Even in a story sketched in its most bare outlines, as is this, and told with as few names and as few dates as possible, it seemed necessary to mention some of these glorious artists and to realise that the end was at hand of those Middle Ages which have also been called Dark Ages, because of the dark ignorance and barbarity in which humanity at that time was plunged. Some of the goldsmith's and silversmith's work of the day was very finely executed, and many of the finest painters and sculptors themselves did not scorn to work at the jeweller's craft. But the real glory which lightens the general darkness of the Middle Ages, is the splendour of the architecture—the cathedrals and churches, the public buildings and the palaces of the great nobles. The richness of the church architecture in our own country we have shortly noticed already, and all over the world beautiful and noble structures were raised in those troubled ages when most of the arts were little studied. Generally the building is in one or other of the successive varieties of the Gothic style. In Spain we see many traces of the Eastern taste of the Moslems for towers and domes and "minarets," as those slender towers with their balconies for prayer are called. Asiatic influence is found, though far less often, in some Italian buildings also.

The nations in 1500 A.D.

Now we may do well to take a look round the world, the scene of this greatest of all stories, and see to what condition we have traced its progress at this point of time—say A.D. 1500 or a year or two before or after that central date.

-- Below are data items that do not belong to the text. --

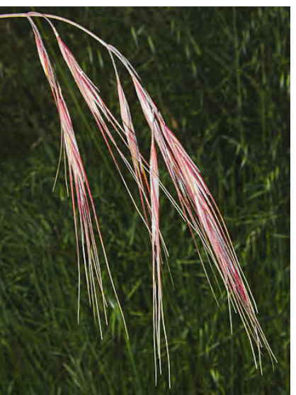
RIPGUT GRASS (Bromus diandrus) Naturalized Annual - Grass Family - (Apr-Jul) - Open, gen disturbed areas - Plant 6-40" tall. Spikelet 1-2.8" long. Lemma body 0.8-1.2" long, awn > 1.2" long. Barbed seeds can stick in flesh of animals. INVASIVE weed.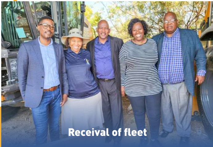
Receival of fleet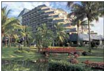
2 Patong Beach, Kathu, Phuket

The hotel is surrounded by 15 acres of landscaped tropical gardens where you and your family can use the day away, unwinding, relaxing and sunbathing in luxuriant tropical environment.

We see, regarding it as a whole, that the nations have been engaged, after the break-up that followed the ruin of the Roman Empire, in framing their territories into something like the shape which we may find on the map now. And generally they have followed the same course, have gone through the same struggles and changes, in their way towards assuming that shape. For at first they split up into a number of small independent bodies, each under the rule of a lord. Nominally there was an overlord, but his sovereignty for a while was not very effective. It was but gradually that he made it real. Some of the nations differed from others in their local conditions. Thus Spain, rather cut off by the Pyrenees from the main story, had its own peculiar difficulties with the Moslems. The sovereignty of Italy, with its five principal States, was complicated by the claims of Pope and Emperor, of Guelph and Ghibelline and of the different city States asserting each its independence. But on the whole, what we are able to see is a tendency for the sovereign overlord gradually to make his power good over the lesser lords, and so to produce something like those national unities which we find now.

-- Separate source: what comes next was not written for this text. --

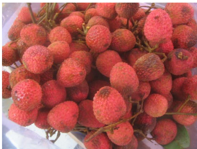
On stem litchis from Madagascar. Good colour and taste but with rapid signs of oxidation on the shell of fruits.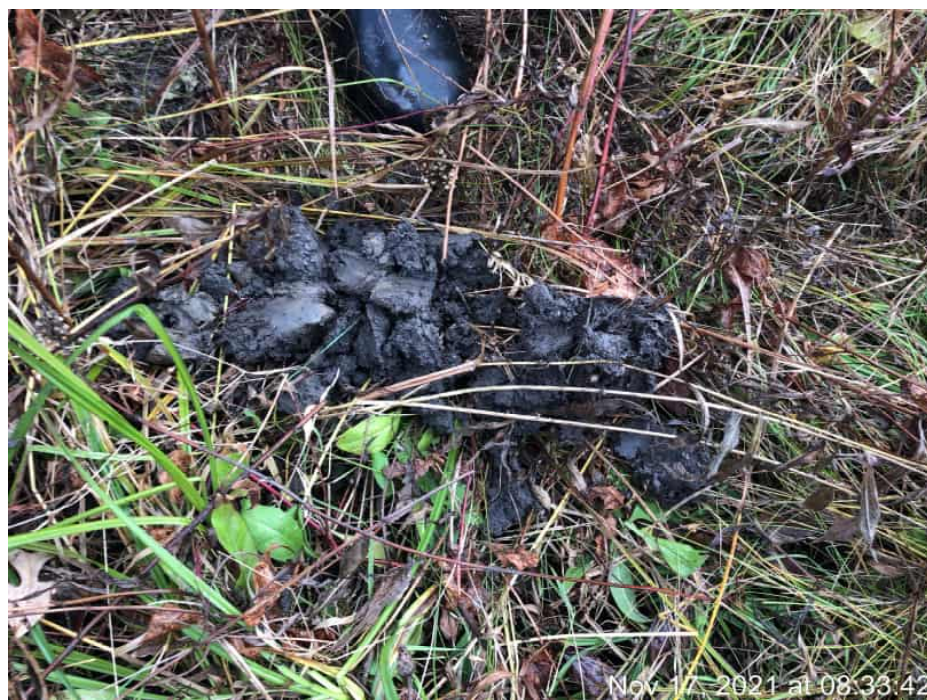
Upland FA-AP, AO, AN - Soils.

The position of Spain, to take that outlying part of the big story first, is that she has just succeeded in overthrowing the Moors in their last Spanish stronghold in Granada. She has almost completed national unity by the marriage of Isabella, the Queen of Castile, with Ferdinand, the King of Aragon. Then, with all her long sea-coast and the sea-going habits of its inhabitants, she will become for a while the greatest naval power in the world and play a leading part in the story. Portugal is independent of her and is opening up the trade with the East round the Cape of Good Hope.

Italy, as we have seen, is split into the five principal States, and has far to go yet before she can be one nation.

France has unified herself, and so has England, but we have to notice this difference between the conditions of the one and of the other, that in France the king has made himself despotic over his nobles and all his people.

England, no longer hampered by the possession of any territory on the Continent except the single city of Calais, which will be lost to her in the course of the century to follow, is more fortunate than France in that her nobles have won from the king a more liberal constitution, based upon Magna Carta. She will attain a freedom equal to that of France by less terrible means, though not without wars of Royalists and Puritans and the beheading of a king.